The next step for Motif is to evaluate the design concept with respect to device safety and functionality in animals, before moving to human testing. Pending the successful completion of these animal trials, Robinson expects to test the device in humans.

“We have had conversation with the FDA (US Food and Drug Administration) about our clinical plan and we’re on target to begin the clinical trials [in humans] within two years,” he said. “We expect our primary endpoint to be, within five weeks of implantation at which time we expect to see people respond to the therapy.”

“The other advantage that we have that will be likely disruptive to psychiatry is the fact that with a device you have the opportunity to record brain activity, and by recording brain activity you can develop biomarkers that indicate some of the progress toward remission and risk of relapse.” – Jacob Robinson

Pending clinical trial success and FDA premarket authorization, Motif could be ready for commercialization in six years, Robinson said.
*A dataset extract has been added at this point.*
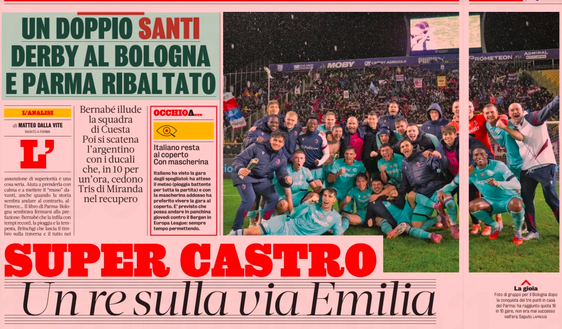 Gazzetta scrive 'Doppio Santi, derby al Bologna e Parma ribaltato. Un Super Castro re sulla via Emilia'.

To date, Motif has raised over $20m in venture capital funding, which, Robinson said, will be enough to fund first human trials.
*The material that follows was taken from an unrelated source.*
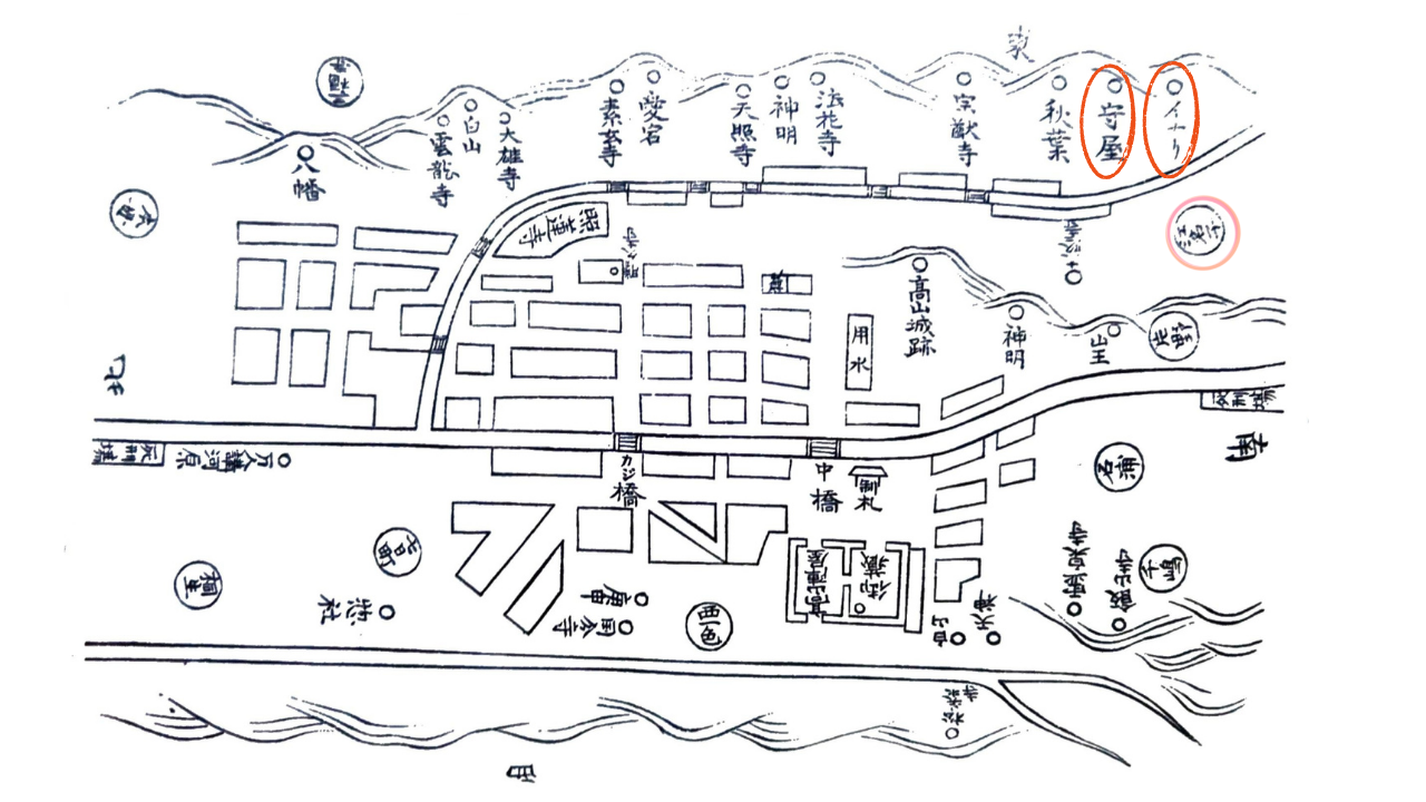 ▲江戸時代中期・天領時代の高山の様子。「守屋」と「イナリ」(稲荷)の文字が見られます。(『飛州志』より)

Competition is on the rise. In 2022, San Francisco-based Inner Cosmos received FDA investigational device exemption approval to conduct first human trials in people with depression using its stimulation device, described as a “digital pill” or “penny-sized device slipped under the skin [that] rebalances brain networks using imperceptible micro-stimulation.”

Inner Cosmos’ first mission is “to heal the largest chronic disorder in the world, depression.”

The company’s CEO, Meron Gribetz, told VentureBeat.com recently that early human trials yielded encouraging results regarding safety and efficacy.

Asked about what makes Inner Cosmos’ device different, Robinson explained that Motif’s use of magnetoelectric power transfer technology allows it to make a device that is about two times smaller in diameter. In addition, he noted that “Motif is the first to show human data using a prototype miniature stimulator.”

Treating Depression Like Heart Disease

Regarding depression, Robinson noted, “These are biological disorders in the same way as heart arrythmia is a biological disorder.”

Motif’s CEO envisions that mental health issues in the future will be treated much like heart disease today with a combination of drugs and devices.

“If you can lower the dose on drugs, augment with devices and potentially talk therapy, you create better outcomes,” he said.

He added, “The other advantage that we have that will be likely disruptive to psychiatry is the fact that with a device you have the opportunity to record brain activity, and by recording brain activity you can develop biomarkers that indicate some of the progress toward remission and risk of relapse.”

By monitoring a patient and looking at continuous data, psychiatrists could be empowered to intervene before symptoms get worse, potentially heading off a mental health crisis.

“I think of it as a Fitbit for your mental health,” Robinson said.